R.L. Barth takes as the epigraph to his new chapbook, Ghost Story (Scienter Press, Louisville, Ky., 2024), a passage from Dr. Johnson’s Idler essay for September 2, 1758:
“I suppose
every man is shocked when he hears how frequently soldiers are wishing for war.
The wish is not always sincere . . . but those who desire it most are neither
prompted by malevolence nor patriotism; they neither pant for laurels, nor
delight in blood; but long to be delivered from the tyranny of idleness, and
restored to the dignity of active beings.”
Johnson
casts many of his periodical essays in the form of letters from fictional
speakers; in this case, a former soldier with the unlikely name of “Dick
Linger.” Johnson never served in the military but his understanding of human
psychology, especially the psychology of young men, is discerning.
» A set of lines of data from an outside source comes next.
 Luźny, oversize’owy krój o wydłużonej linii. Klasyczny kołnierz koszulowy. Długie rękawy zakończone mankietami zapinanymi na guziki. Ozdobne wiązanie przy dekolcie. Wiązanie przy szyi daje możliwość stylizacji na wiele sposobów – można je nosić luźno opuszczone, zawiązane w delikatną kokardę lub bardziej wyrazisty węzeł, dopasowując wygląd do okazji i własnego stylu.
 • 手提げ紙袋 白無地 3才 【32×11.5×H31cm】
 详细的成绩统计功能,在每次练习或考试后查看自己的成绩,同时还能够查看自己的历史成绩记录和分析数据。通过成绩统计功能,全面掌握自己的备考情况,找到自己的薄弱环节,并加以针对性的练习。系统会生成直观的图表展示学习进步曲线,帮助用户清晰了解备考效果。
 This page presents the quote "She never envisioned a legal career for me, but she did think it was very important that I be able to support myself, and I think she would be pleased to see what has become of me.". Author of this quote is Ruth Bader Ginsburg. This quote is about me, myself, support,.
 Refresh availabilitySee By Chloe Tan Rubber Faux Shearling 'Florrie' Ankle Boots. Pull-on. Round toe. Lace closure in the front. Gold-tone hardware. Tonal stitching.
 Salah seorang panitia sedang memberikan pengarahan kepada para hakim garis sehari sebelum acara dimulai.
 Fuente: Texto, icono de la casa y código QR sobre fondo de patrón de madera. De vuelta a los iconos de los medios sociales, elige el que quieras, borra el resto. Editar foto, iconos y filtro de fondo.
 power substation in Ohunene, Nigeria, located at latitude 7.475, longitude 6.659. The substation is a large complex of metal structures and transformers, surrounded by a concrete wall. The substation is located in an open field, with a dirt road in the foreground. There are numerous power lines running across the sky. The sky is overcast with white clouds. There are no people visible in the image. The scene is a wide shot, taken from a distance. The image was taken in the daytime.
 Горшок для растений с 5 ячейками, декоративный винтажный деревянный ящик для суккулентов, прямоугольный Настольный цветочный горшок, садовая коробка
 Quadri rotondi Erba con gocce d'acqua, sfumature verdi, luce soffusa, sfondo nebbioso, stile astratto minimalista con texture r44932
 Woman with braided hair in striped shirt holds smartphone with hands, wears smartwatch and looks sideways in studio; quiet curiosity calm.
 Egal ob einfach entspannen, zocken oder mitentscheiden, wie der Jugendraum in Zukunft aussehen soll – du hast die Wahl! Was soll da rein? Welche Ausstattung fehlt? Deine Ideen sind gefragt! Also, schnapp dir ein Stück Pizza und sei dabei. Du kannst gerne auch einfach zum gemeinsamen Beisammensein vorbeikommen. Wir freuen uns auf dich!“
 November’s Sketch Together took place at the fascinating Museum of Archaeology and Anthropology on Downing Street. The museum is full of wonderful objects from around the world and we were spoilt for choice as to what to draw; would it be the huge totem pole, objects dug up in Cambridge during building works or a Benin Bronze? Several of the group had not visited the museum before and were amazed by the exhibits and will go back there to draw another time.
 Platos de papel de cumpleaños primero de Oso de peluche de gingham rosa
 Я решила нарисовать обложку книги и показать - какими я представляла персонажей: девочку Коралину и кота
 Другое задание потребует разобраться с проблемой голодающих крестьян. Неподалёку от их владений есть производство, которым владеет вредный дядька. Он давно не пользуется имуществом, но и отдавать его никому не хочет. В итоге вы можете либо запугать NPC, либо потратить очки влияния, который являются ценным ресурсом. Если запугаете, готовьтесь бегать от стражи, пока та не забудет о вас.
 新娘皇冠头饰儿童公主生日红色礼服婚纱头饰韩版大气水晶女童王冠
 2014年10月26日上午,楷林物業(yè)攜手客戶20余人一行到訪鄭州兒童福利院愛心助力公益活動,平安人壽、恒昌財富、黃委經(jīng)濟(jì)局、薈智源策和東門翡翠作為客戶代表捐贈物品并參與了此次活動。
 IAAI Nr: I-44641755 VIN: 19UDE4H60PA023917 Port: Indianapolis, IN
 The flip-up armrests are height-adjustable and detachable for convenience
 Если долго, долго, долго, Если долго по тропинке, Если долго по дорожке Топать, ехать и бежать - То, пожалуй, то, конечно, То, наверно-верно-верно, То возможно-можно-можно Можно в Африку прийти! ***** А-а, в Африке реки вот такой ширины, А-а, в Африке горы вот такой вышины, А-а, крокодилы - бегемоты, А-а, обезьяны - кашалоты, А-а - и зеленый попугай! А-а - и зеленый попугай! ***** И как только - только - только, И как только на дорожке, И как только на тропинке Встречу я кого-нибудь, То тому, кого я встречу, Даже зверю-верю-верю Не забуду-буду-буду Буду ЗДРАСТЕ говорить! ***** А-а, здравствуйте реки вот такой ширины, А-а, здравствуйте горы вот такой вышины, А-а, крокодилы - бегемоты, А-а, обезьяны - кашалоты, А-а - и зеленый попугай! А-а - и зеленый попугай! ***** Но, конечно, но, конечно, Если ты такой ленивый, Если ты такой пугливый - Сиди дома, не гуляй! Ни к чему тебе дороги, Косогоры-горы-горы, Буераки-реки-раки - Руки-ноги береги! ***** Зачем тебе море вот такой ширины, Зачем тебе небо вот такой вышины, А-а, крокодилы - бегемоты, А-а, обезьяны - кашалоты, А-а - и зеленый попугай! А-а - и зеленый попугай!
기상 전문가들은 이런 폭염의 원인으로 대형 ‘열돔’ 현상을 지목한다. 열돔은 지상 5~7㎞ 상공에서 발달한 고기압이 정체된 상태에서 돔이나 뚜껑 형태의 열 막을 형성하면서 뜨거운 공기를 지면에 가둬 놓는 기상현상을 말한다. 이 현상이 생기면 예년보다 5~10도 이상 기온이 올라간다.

Here is his
subsequent paragraph in the Idler:
“I never
imagined myself to have more courage than other men, yet was often
involuntarily wishing for a war, but of a war, at that time, I had no prospect;
and being enabled, by the death of an uncle, to live without my pay, I quitted
the army, and resolved to regulate my own motions.”
As a young Marine
in 1968, Bob Barth was granted his war in Vietnam. Young men have evolved to be
edgy, restless, easily bored, ever ready for “action” of almost any sort. War,
I’m told, often amounts to days of tedium interrupted by moments of adrenalin-fueled
horror. Here, from Barth’s new collection, is “On Patrol”:
“‘Wedding
Ring, Wedding Ring, you’re socked in solid.
Choppers may
fly tomorrow. Hang in. Over
“So, a sixth
day of monsoons, hacking bush.
Up at first
light, unzipping sleeping bags,
“Smelling
ammonia’s reek and shivering,
Gurgling
soggy cigarettes and fussing
“Over our
last long rations, chicken and rice
Mixed with
filth-skimmed water, while we think
“Here’s our
war now: the monsoons, boredom, stench.
Where are
the images the networks fix
“On TV
screens? Seen jungle rot and leeches?
‘Roger that; bet on it. Hanging in. Out.’”
Barth often
honors the great poets of the past who write of war – Homer, Owen, Blunden,
Sassoon. In Ghost Story he includes “An Old Story,” adapted from a poem by the
Greek Archilochos (c. 680 B.C.-c. 645 B.C.):
“He pitched
his rifle, ran. What if a Cong
Struts with
it through the paddies of Phan Dong,
Or locks and
loads it? Small arms fire was dense,
And simply
breathing seemed like common sense.
Besides, he
knows the armorer; and he
Will issue a
new one, well-oiled, rust-free.”
Guy
Davenport published his translation of the original Greek poem in Carmina Archilochi: The Fragments of
Archilochos (University of California Press, 1964):
“Some Saian
mountaineer
Struts today
with my shield.
I threw it
down by a bush and ran
When the
fighting got hot.
Life seemed
somehow more precious.
It was a
beautiful shield.
I know where
I can buy another
Exactly like
it, just as round.”
[You can find Davenport's Archilochos translations in 7 Greeks (New Directions, 1995).]